After a year of extensive touring in support of 2015’s The Agent Intellect, Protomartyr
returned to their practice space in a former optician’s office in Southwest Detroit. Guitarist
Greg Ahee—inspired by The Raincoats’ Odyshape, Mica Levi’s orchestral compositions, and
Protomartyr’s recent collaboration with post-punk legends The Pop Group, for Rough
Trade’s 40th anniversary—began writing new music that artfully expanded on everything
they’d recorded up until that point. The result is Relatives In Descent , their fourth full-length
and Domino debut. Though not a concept album, it presents twelve variations on a theme:
the unknowable nature of truth, and the existential dread that often accompanies that
unknowing.
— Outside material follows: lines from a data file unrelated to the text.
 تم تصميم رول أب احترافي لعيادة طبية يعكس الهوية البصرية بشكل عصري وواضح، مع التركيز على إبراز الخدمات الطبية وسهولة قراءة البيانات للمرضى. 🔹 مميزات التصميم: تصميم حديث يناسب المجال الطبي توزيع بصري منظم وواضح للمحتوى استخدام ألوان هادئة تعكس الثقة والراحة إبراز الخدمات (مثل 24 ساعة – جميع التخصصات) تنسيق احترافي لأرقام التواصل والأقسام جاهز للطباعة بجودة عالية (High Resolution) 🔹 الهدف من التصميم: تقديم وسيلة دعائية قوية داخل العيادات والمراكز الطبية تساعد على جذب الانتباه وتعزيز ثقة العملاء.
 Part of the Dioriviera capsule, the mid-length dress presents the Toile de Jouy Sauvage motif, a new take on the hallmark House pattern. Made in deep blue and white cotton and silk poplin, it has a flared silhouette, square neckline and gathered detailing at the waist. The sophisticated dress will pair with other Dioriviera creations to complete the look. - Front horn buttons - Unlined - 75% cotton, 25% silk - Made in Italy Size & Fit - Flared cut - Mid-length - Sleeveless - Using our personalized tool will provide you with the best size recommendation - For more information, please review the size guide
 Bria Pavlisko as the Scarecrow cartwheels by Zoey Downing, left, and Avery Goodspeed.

This, at a moment when disinformation and garbled newspeak have become a
daily reality.

“I used to think that truth was something that existed, that there were certain shared truths,
like beauty,” says singer Joe Casey. “Now that’s being eroded. People have never been more
skeptical, and there’s no shared reality. Maybe there never was.”
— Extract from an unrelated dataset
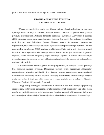 prof. dr hab. med. Mirosław Jarosz, mgr inż. Anna Taraszewska PIRAMIDA ZDROWEGO ŻYWIENIA I AKTYWNOŚCI FIZYCZNEJ Wiedza o żywności i żywieniu oraz ich wpływie na zdrowie człowieka jest ogromna i podlega stałej ewolucji i zmianom. Dlatego również Piramida co pewien czas podlega pewnym modyfikacjom. Aktualna Piramida Zdrowego Żywienia i Aktywności Fizycznej (2016 r.) została opracowana przez ekspertów Instytutu Żywności i Żywienia pod kierunkiem prof. dra hab. med. Mirosława Jarosza. Piramida wraz z 10 zasadami i opisem jest najprostszym, krótkim i zwięzłym sposobem wyrażenia zasad prawidłowego żywienia. Jest też odpowiedzią na zalecenia WHO, zawiera w sobie ideę: „Mniej cukru, soli i tłuszczu, więcej błonnika”. Poza żywieniem dla naszego zdrowia bardzo ważna jest codzienna aktywność fizyczna, która stanowi integralną część Piramidy. Łącznie z dobrze zbilansowanym żywieniem pozwala zapobiec rozwojowi bardzo niebezpiecznej dla naszego zdrowia zarówno nadwagi, jak i otyłości. Ostatnie badania wskazują ponad wszelką wątpliwość, że warzywa i owoce powinny być podstawą naszego żywienia. Dostarczają bowiem wielu bezcennych składników (mineralnych, witamin, polifenoli) i w istotny sposób zmniejszają zachorowalność i umieralność na choroby układu krążenia, cukrzycę i nowotwory oraz wydłużają długość życia człowieka. Z tych powodów warzywa i owoce znalazły się u podstawy Piramidy Zdrowego Żywienia i Aktywności Fizycznej. Drugą ważną zmianą jest umieszczenie w Piramidzie ziół, które nie tylko poprawiają smak potraw, dostarczając jednocześnie wielu prozdrowotnych składników, lecz także mogą pomóc w redukcji spożycia soli. Można nimi bowiem zastąpić sól kuchenną, która jest traktowana jako „cichy zabójca” i w dużej mierze odpowiada za zawały serca i udary mózgu. Jak rozumieć/czytać piramidę? Piramida to opis odpowiednich proporcji różnych, niezbędnych w codziennej diecie, grup produktów spożywczych przedstawiony w formie graficznej. Im wyższe piętro piramidy, tym mniejsza ilość i częstość spożywanych produktów z danej grupy żywności. Do kogo kierowana jest piramida? Piramida kierowana jest do osób zdrowych w celu zachowania dobrego stanu zdrowia. Należy pamiętać, że w przypadku współistnienia chorób cywilizacyjnych typu otyłość, cukrzyca, choroba niedokrwienna serca, nadciśnienie, osteoporoza, może istnieć konieczność modyfikacji proponowanych zaleceń w porozumieniu z lekarzem i dietetykiem. W wielu przypadkach ukrytych ww. chorób stosowanie się do podanych w piramidzie zasad może zdecydowanie zahamować rozwój tych chorób w ich pierwszej fazie.

Relatives In Descent offers new layers and new insights, without sanding any of the edges
born from their days as a Detroit bar band. Ahee’s guitar still crackles and spits electricity.
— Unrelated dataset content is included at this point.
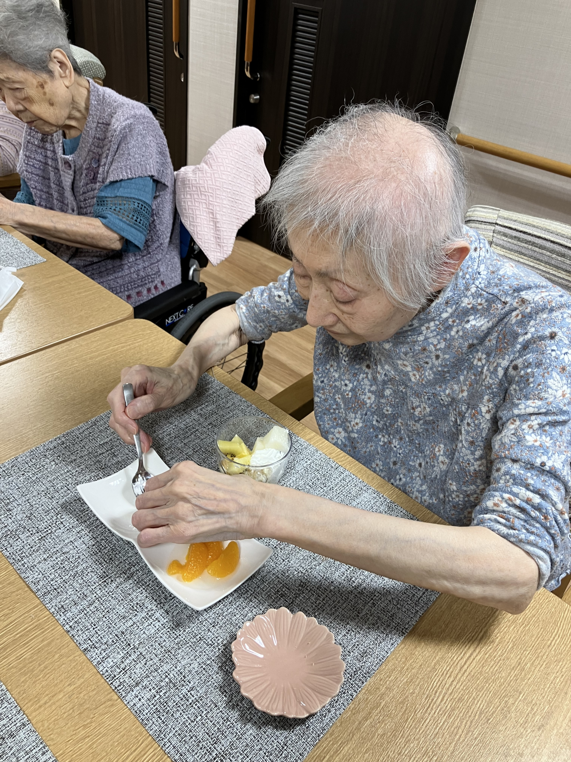 2024.09.22 活動報告(IN) 2階 日中のご様子 Tweet シェアする 皆様でおやつ作りをしました ヨーグルトと果物を使ったフルーツヨーグルトです 旬の梨を使っています こちらは完成したご様子 皆様楽しまれています 優っくりグループホーム豊島南長崎 船山 前の記事 2024.09.22 活動報告(IN) 2階 日中のご様子 次の記事 2024.09.22 活動報告(IN) 2階 日中のご様子 一覧へ戻る

Casey’s voice continues to shift naturally between dead-eyed croon and fevered bark.
Drummer Alex Leonard and bassist Scott Davidson remain sharp and propulsive, a rhythm
section that’s as agile as it is adventurous. But this is also Protomartyr at their most
impressive. After months of rehearsal, the band decamped to Los Angeles, California for two
weeks in March of 2017, to record at 64Sound in Highland Park. Co-produced and recorded
with Sonny DiPerri (Animal Collective, Dirty Projectors), who helped capture the band’s
long-simmering vision for something more complex, but no less visceral, Relatives In
Descent also features contributions from violinist Tyler Karmen and additional synths by
Cheveu’s Olivier Demeaux.

It all begins with “A Private Understanding,” pegged as the album’s opening statement the
second it was finished, and a wellspring from which the following eleven songs flow. At once
beautiful and brutal, it mutates from drum-led oddity to unlikely anthem, with some of
Casey’s most potent lyrical work at its center: “Sorrow’s the wind blowing through/Truth is
hiding in the wire.” He’d originally approached the writing on this album as an opportunity
to move away from the anger and personal despair that defined much of Protomartyr’s
previous three albums. But a lot has happened in the past two years. Disturbed by
happenings both local (the ongoing, man-made tragedy of the Flint water crisis) and
national (just about everything), Casey drew influence from the songwriting of Ben Wallers,
the recently translated stories of Irish writer Máirtín Ó Cadhain, and Robert Burton’s The
Anatomy of Melancholy , a sprawling, 17th century masterwork that provided both solace
and confirmation.

One can hear these influences throughout , be it in the wary reportage of “Here Is The Thing”
or the uncanny menace of “Windsor Hum”, the shining city of “Don’t Go To Anacita” or the
triptych of delusions both “good” and “bad” that is “Up The Tower”, “Night-Blooming
Cereus”, and “Male Plague”. In the end, Relatives In Descent offers a small light in the
darkness, while never denying that we are all just standing in the dark.